Maurice Blanchot begins his work be characterizing Writing as Solitude. What is solitude in everyday life? It means an inner calm of tranquility. It is questionable to ask whether a writer writes out of solitude or excitement. He quotes Rilke: ‘I haven’t produced a single work: my solitude has engulfed me’. Why can’t the writer be agitated when he is writing his work? I am sure that Nietzsche wrote: Thus spoke Zarathustra while undergoing bouts of insanity. A Freudian ID gets provoked into the necessity of writing. Even mystics when they meditate are never in solitude. There are in a state of deep contemplation. One can also write out of the passion to write but one can never be in solitude when one is in a state of writing. When one is in the process of writing, one gravitates to the center of meaning. So I would like to reformulate Blanchot’s solitude as excitement, agitation, passion and contemplation. The mind can never be in solitude.

Again Blanchot goes on to say that a writer never knows whether his work is finished or not. In one sense it is true and in another sense it is not. Any work of Literature is only partial does not display art to sense of completion.
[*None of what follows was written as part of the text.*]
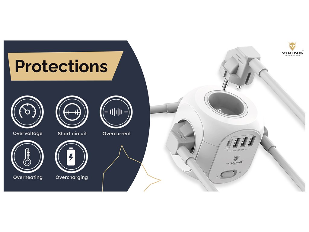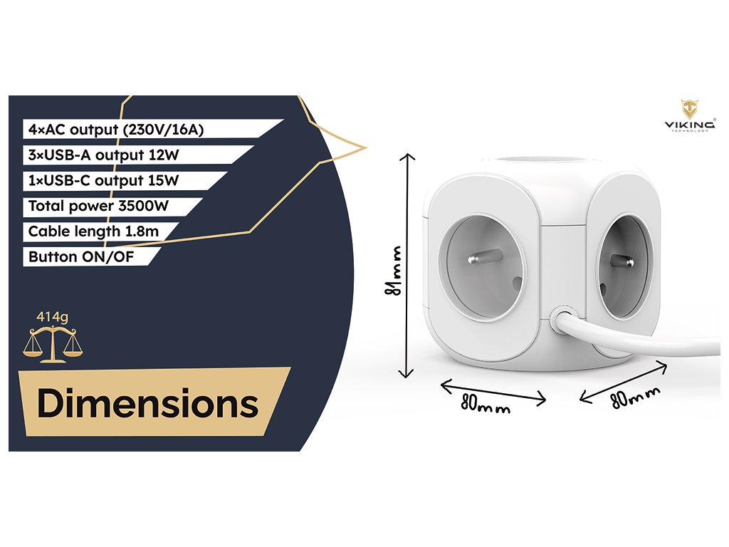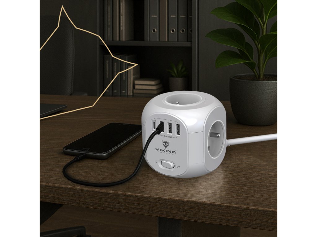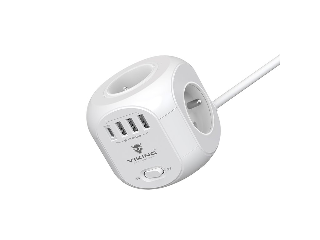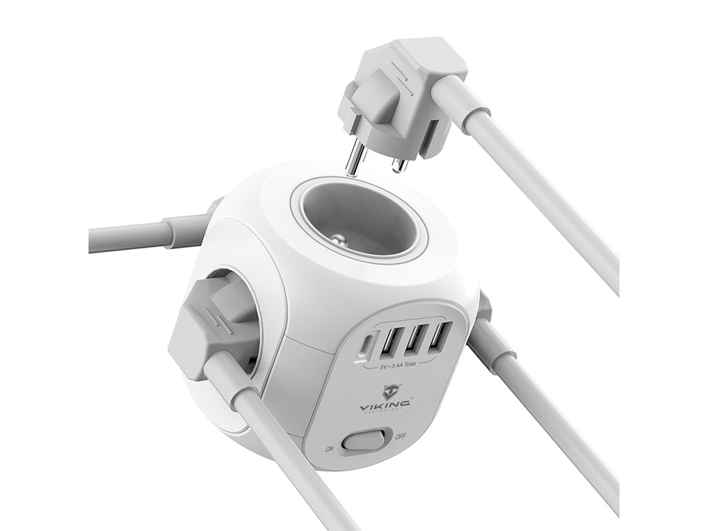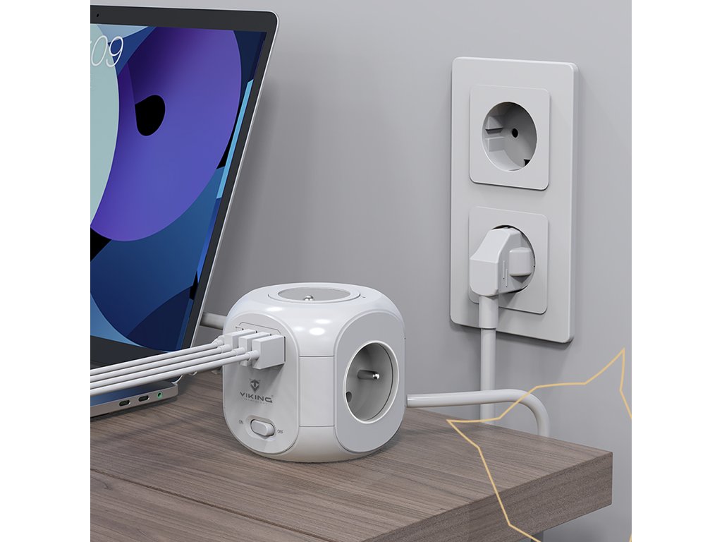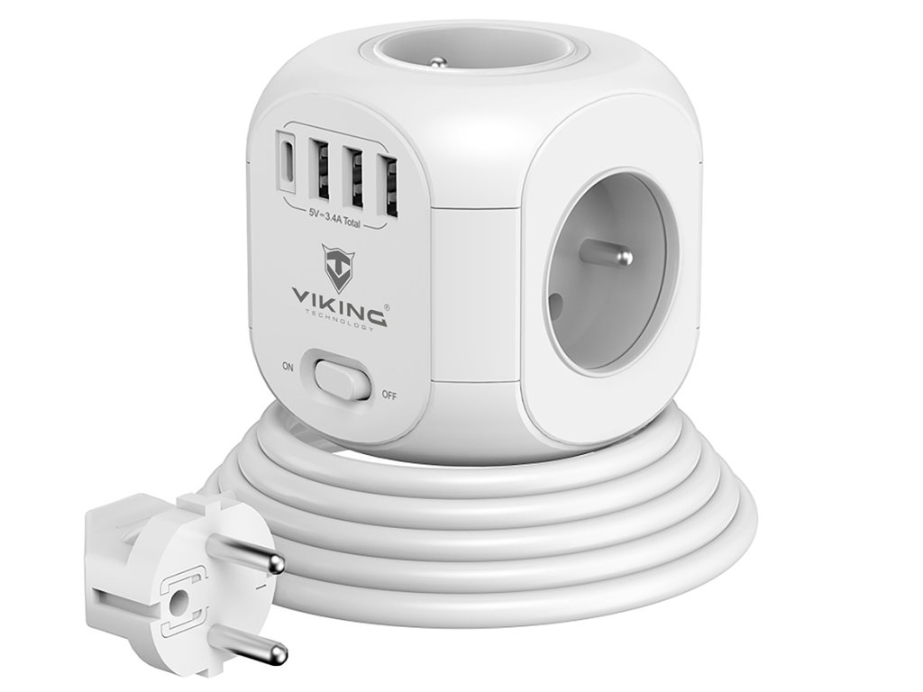 Síťový adaptér Viking AC Cube je praktickou kombinací čtyř zásuvek, čtyř USB portů a 1,8 m prodlužovacího kabelu v jednom, který šetří místo a umožňuje napájení až 8 zařízení současně.

But then again in a literary work, there’s a beginning and an ending. Let’s take an example of Ulysses by James Joyce. The novel running into eight hundred pages and depicts twelve hours of person’s life mainly Bloom, Stephen and Molly. There is a beginning and an ending to the work. Blanchot is partially right when he says that no work of art is complete. A work of art has got only degrees of perfection. Similarly Blanchot also mentions that a reader enters into solitude while encountering a work. Readers of pulp fiction are causal readers. The work of a serious reader is marked by the phenomenology of reading. The mind of a serious reader works as an inter-textual machine. Reading interferes with what has been read in the past. The ontology of existentialism, the autobiographical possession of the reader comes into play while reading. There is perfect reading but there are only imperfect interpretations.

It’s through an absence that word being of writer comes into existence. I would like to refute this statement by saying that writing is affirmation of presence, a saturation of it. Being is pronounced into the becoming of meaning. In writing there’s indulgence of the meaning of being. Writing is excess of being. Presence of being is an affirmation for a writer.

Again he goes on to say that a writer never reads his or her work. That can be true to some extent. Would a writer really enjoying editing his or work?  A writer does not function as a reader. The writer merely proof reads his or her work.

For a writer, a word is something that cannot be mastered. How could that be the case? A writer is a lingual-maniac. He finds new usages for pre-existing ones. He or she also creates new words: for example neologisms. A writer invents tropes of language. How can this be possible without mastery? Writing is not sterile but active and dynamic.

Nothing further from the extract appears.